[[ RECORD EXCERPTS open ]]

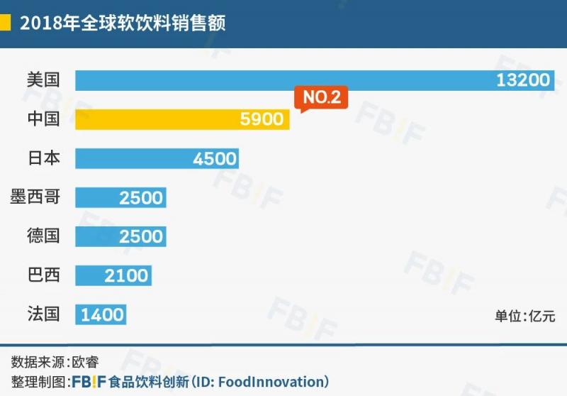 實際上,中國的飲料市場是一個千億級的紅海。根據Euromonitor 的2018年全球軟飲料銷售額數據,中國達到了5900億元,僅次于美國。
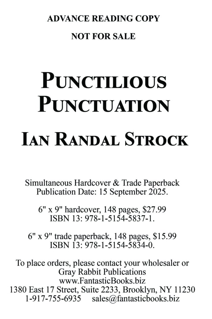 Punctilious Punctuation: Telling tales with (and of) those jots and tittles, including why they’re called jots and tittles, and the horrifying story of why the period goes inside the quotation marks by Ian Randal Strock 148 pages, fully illustrated September 15, 2025 Trade Paperback: ISBN: 978-1-5154-5834-0, $15.99 Case Laminate (library binding): ISBN: 978-1-5154-5837-1, $27.99
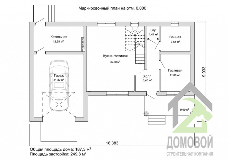 - Строительная площадь: 249.8 м²
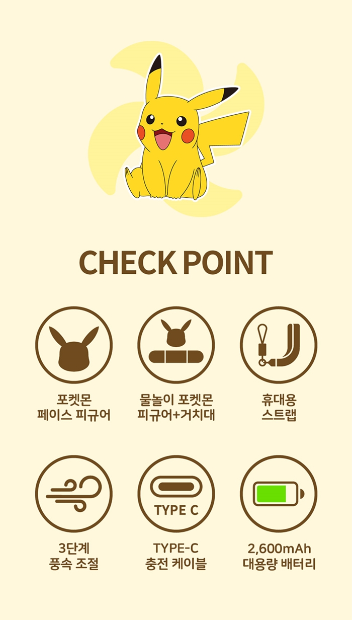 포켓몬 튜브 선풍기는 본체 가운데 위치한 전원 버튼을 클릭하여 간단하게 전원 온/오프가 가능하며, 상황에 따라 3단계로 풍속을 조절하여 최적의 바람 세기를 선택할 수 있다. 그리고 2,600mAh 대용량 배터리가 내장되어 있어 1회 완충 후 외출 시 배터리 걱정 없이 최장 8시간까지 시원함을 유지하면서 사용 가능하며, 측면의 Type-C USB 충전포트를 통해 다양한 환경에서 충전할 수 있다. 또한 충전 편의성 및 휴대성을 위해 USB 케이블과 스트랩도 제품에 기본으로 제공된다.
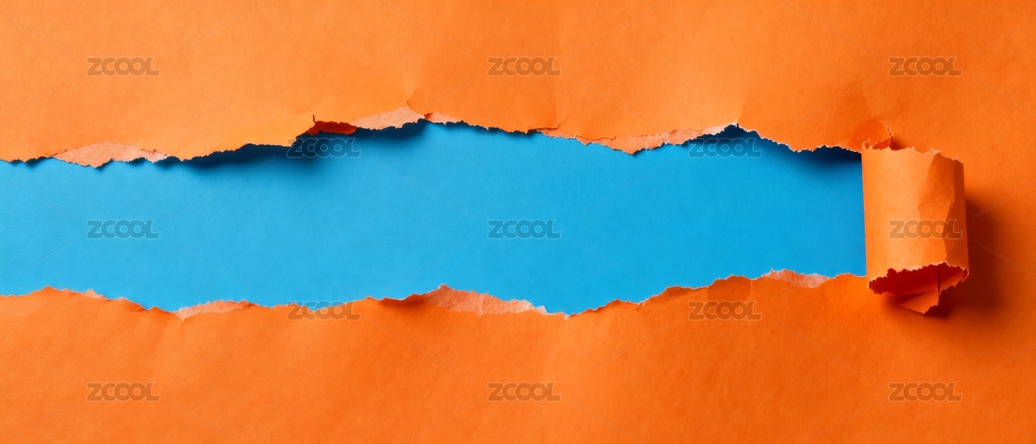 橙色纸张撕开蓝色背景
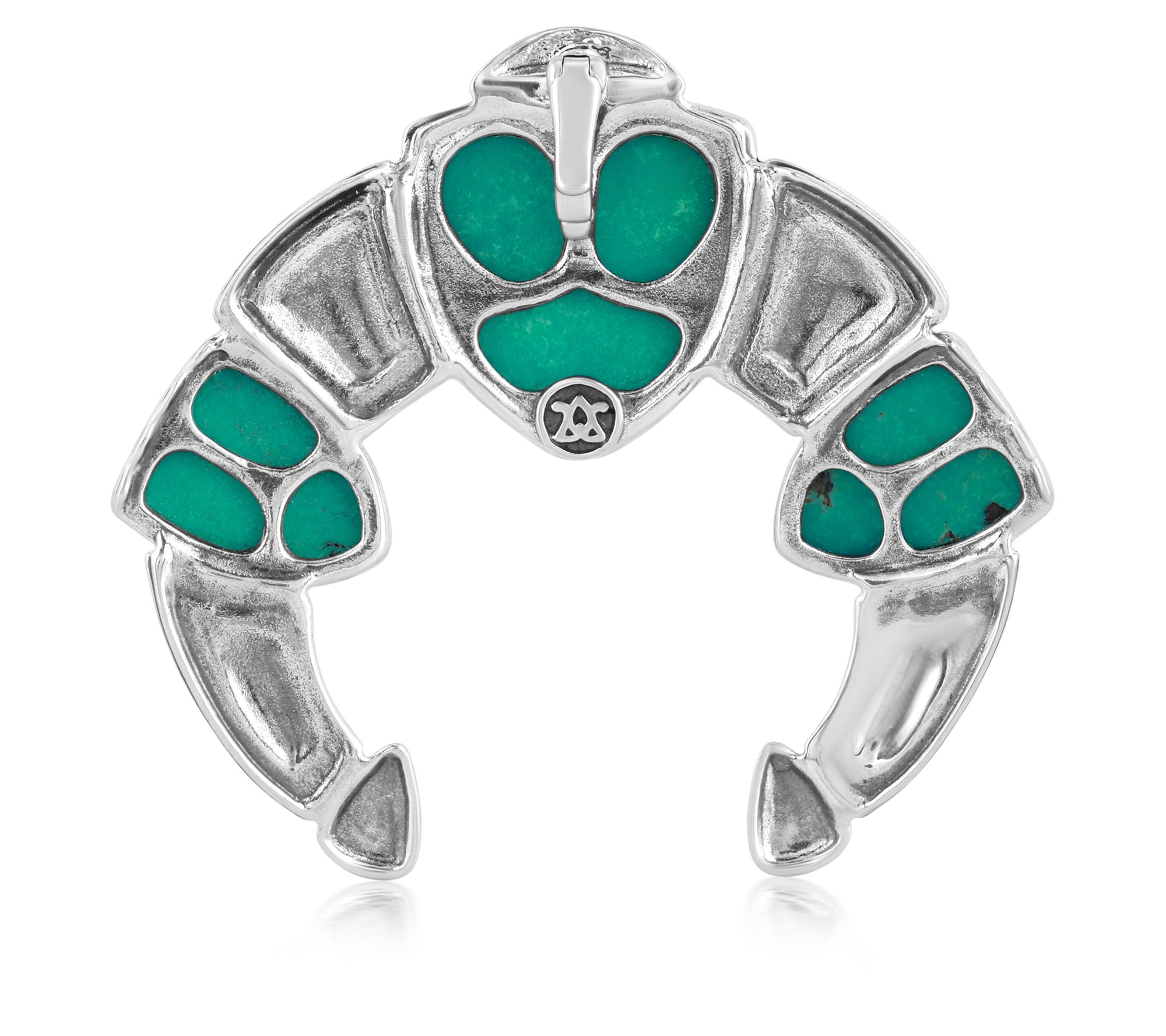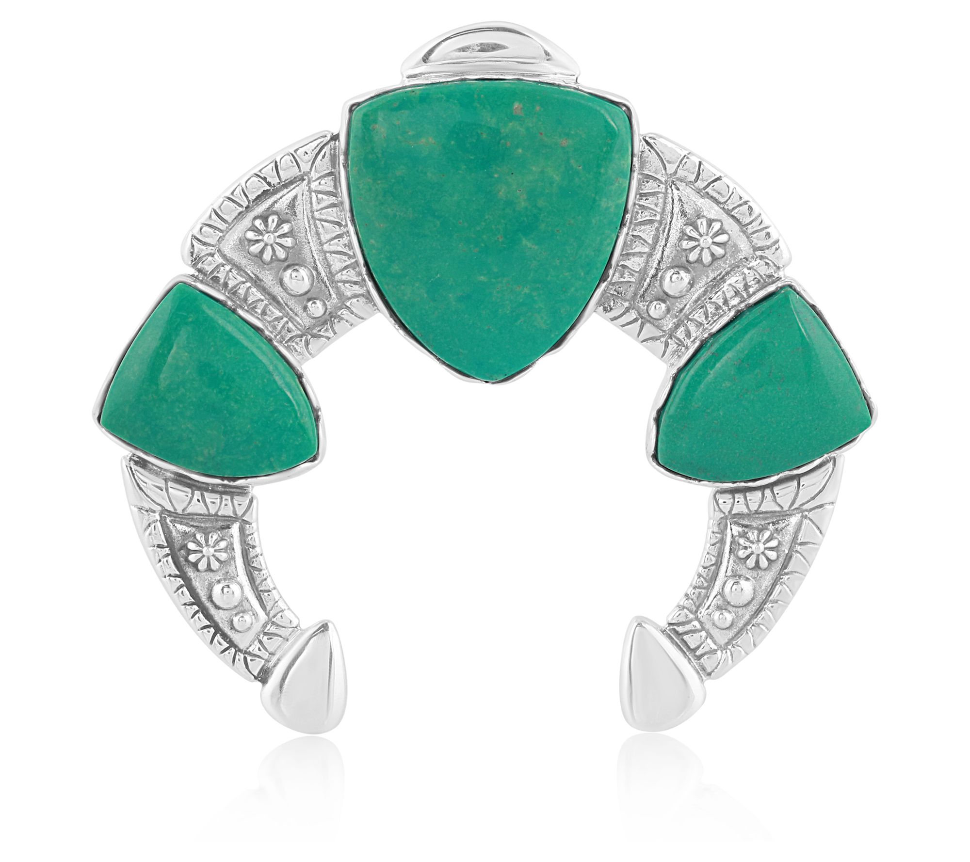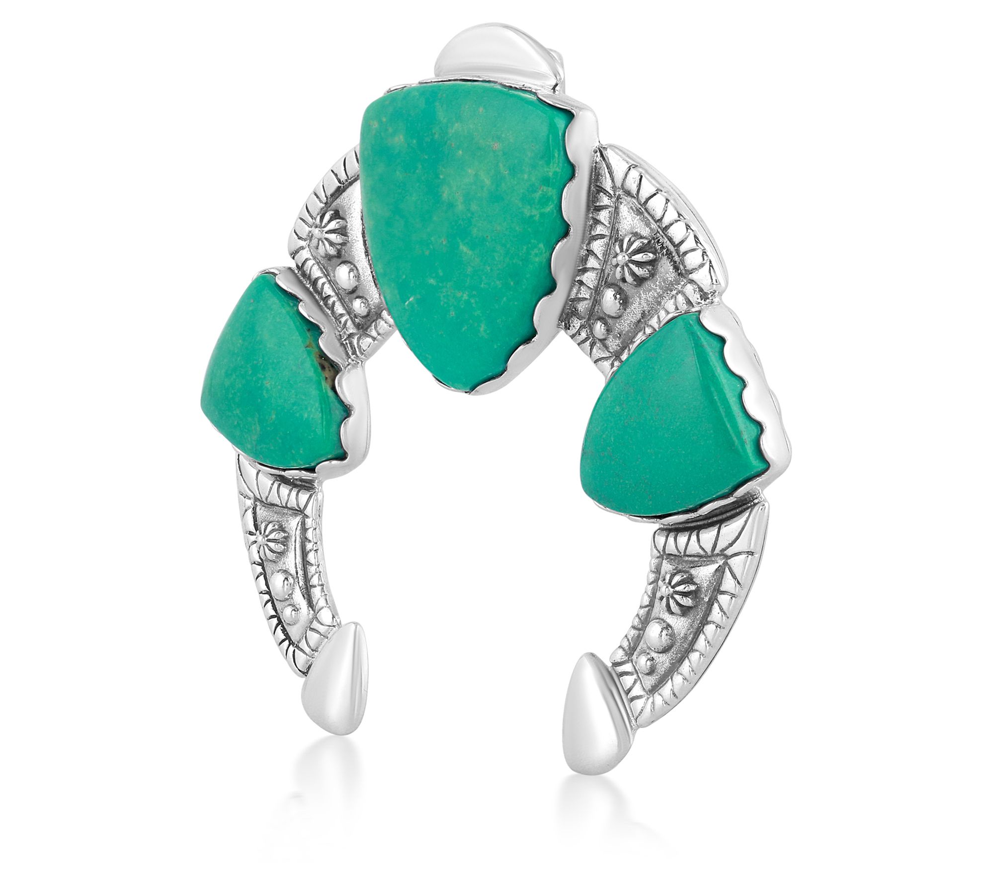 Showcasing a trio of shield-shaped green turquoise stones surrounded by sterling silver and intricate detailing, this naja enhancer brings a touch of artisanal beauty to any outfit. From American West.
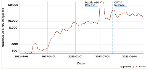 圖2的趨勢類似,對ChatGPT的接受和普及導(dǎo)致DNS安全服務(wù)日志紀(jì)錄明顯增加。
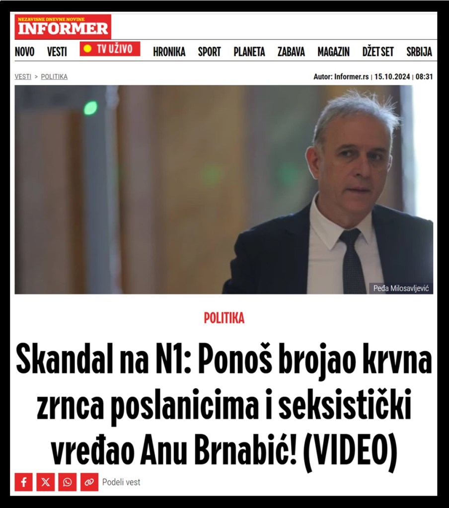 Juče 14.10.2024. je bivši, a ražalovani hrvatski NATO general Zdravko Ponoš, imao napad mizoginije, seksizma i šovinizma, u emisiji na TV N1. Hrvatski državljanin Zdravko Ponoš se usudio da seksistički i mizogino vređa Anu Brnabić, gde je rekao „Reprezent te vrhuške je već pomenuta Ana Brnabić. Ona kao da se takmiči sa svojim kolegama iz SNS-a. Oni misle da se Srbin postaje tako što sočno psuješ. To što gospođa Brnabić olako poteže reč rat, pa mogla je i ona da učestvuje u ratu, ako već ima potrebu da se dokaže svojom muškošću, i 1999. godine, imala je dovoljno godina“. Ponoš je u istoj emisiji, kao stručnjak za etničko čišćenje, i meni prebrojavao krvna zrnca i osporavao mi pravo da budem pripadnik srpskog naroda!?!
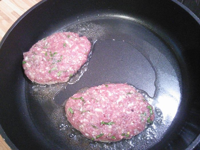 Сформируйте из фарша овальные, плоские котлеты (у меня довольно крупные, по одной на порцию) и обжарьте на масле с обеих сторон.
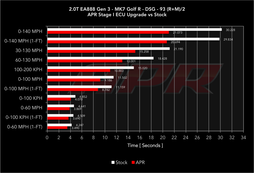 Výsledky byly ohromující. Jednoduchá úprava řídící jednotky u VW Golf 7 R DSG na APR Stage 1, udělala toto auto ve všech ohledech s velikým rozdílem rychlejší. Z 0-100km/h tak upravený Golf 7 R akceleroval za 4s a zrychlení z 50ti km/h na 210 km/h zvládl o 5,9s rychlejí! Testy akcelerace probíhaly až do rychlosti 225 km/h, které bylo s upraveným Golfem 7 R dosaženo o masivních 9,1s dříve než se seriovým vozem.

[[ RECORD EXCERPTS closed ]]

**WHAT YOU SHOULD DO:**
Each word of the data should be repeated exactly, and the pictures left out.

**FINISHED TASK:**
 實際上,中國的飲料市場是一個千億級的紅海。根據Euromonitor 的2018年全球軟飲料銷售額數據,中國達到了5900億元,僅次于美國。
 Punctilious Punctuation: Telling tales with (and of) those jots and tittles, including why they’re called jots and tittles, and the horrifying story of why the period goes inside the quotation marks by Ian Randal Strock 148 pages, fully illustrated September 15, 2025 Trade Paperback: ISBN: 978-1-5154-5834-0, $15.99 Case Laminate (library binding): ISBN: 978-1-5154-5837-1, $27.99
 - Строительная площадь: 249.8 м²
 포켓몬 튜브 선풍기는 본체 가운데 위치한 전원 버튼을 클릭하여 간단하게 전원 온/오프가 가능하며, 상황에 따라 3단계로 풍속을 조절하여 최적의 바람 세기를 선택할 수 있다. 그리고 2,600mAh 대용량 배터리가 내장되어 있어 1회 완충 후 외출 시 배터리 걱정 없이 최장 8시간까지 시원함을 유지하면서 사용 가능하며, 측면의 Type-C USB 충전포트를 통해 다양한 환경에서 충전할 수 있다. 또한 충전 편의성 및 휴대성을 위해 USB 케이블과 스트랩도 제품에 기본으로 제공된다.
 橙色纸张撕开蓝色背景
 Showcasing a trio of shield-shaped green turquoise stones surrounded by sterling silver and intricate detailing, this naja enhancer brings a touch of artisanal beauty to any outfit. From American West.
 圖2的趨勢類似,對ChatGPT的接受和普及導(dǎo)致DNS安全服務(wù)日志紀(jì)錄明顯增加。
 Juče 14.10.2024. je bivši, a ražalovani hrvatski NATO general Zdravko Ponoš, imao napad mizoginije, seksizma i šovinizma, u emisiji na TV N1. Hrvatski državljanin Zdravko Ponoš se usudio da seksistički i mizogino vređa Anu Brnabić, gde je rekao „Reprezent te vrhuške je već pomenuta Ana Brnabić. Ona kao da se takmiči sa svojim kolegama iz SNS-a. Oni misle da se Srbin postaje tako što sočno psuješ. To što gospođa Brnabić olako poteže reč rat, pa mogla je i ona da učestvuje u ratu, ako već ima potrebu da se dokaže svojom muškošću, i 1999. godine, imala je dovoljno godina“. Ponoš je u istoj emisiji, kao stručnjak za etničko čišćenje, i meni prebrojavao krvna zrnca i osporavao mi pravo da budem pripadnik srpskog naroda!?!
 Сформируйте из фарша овальные, плоские котлеты (у меня довольно крупные, по одной на порцию) и обжарьте на масле с обеих сторон.
 Výsledky byly ohromující. Jednoduchá úprava řídící jednotky u VW Golf 7 R DSG na APR Stage 1, udělala toto auto ve všech ohledech s velikým rozdílem rychlejší. Z 0-100km/h tak upravený Golf 7 R akceleroval za 4s a zrychlení z 50ti km/h na 210 km/h zvládl o 5,9s rychlejí! Testy akcelerace probíhaly až do rychlosti 225 km/h, které bylo s upraveným Golfem 7 R dosaženo o masivních 9,1s dříve než se seriovým vozem.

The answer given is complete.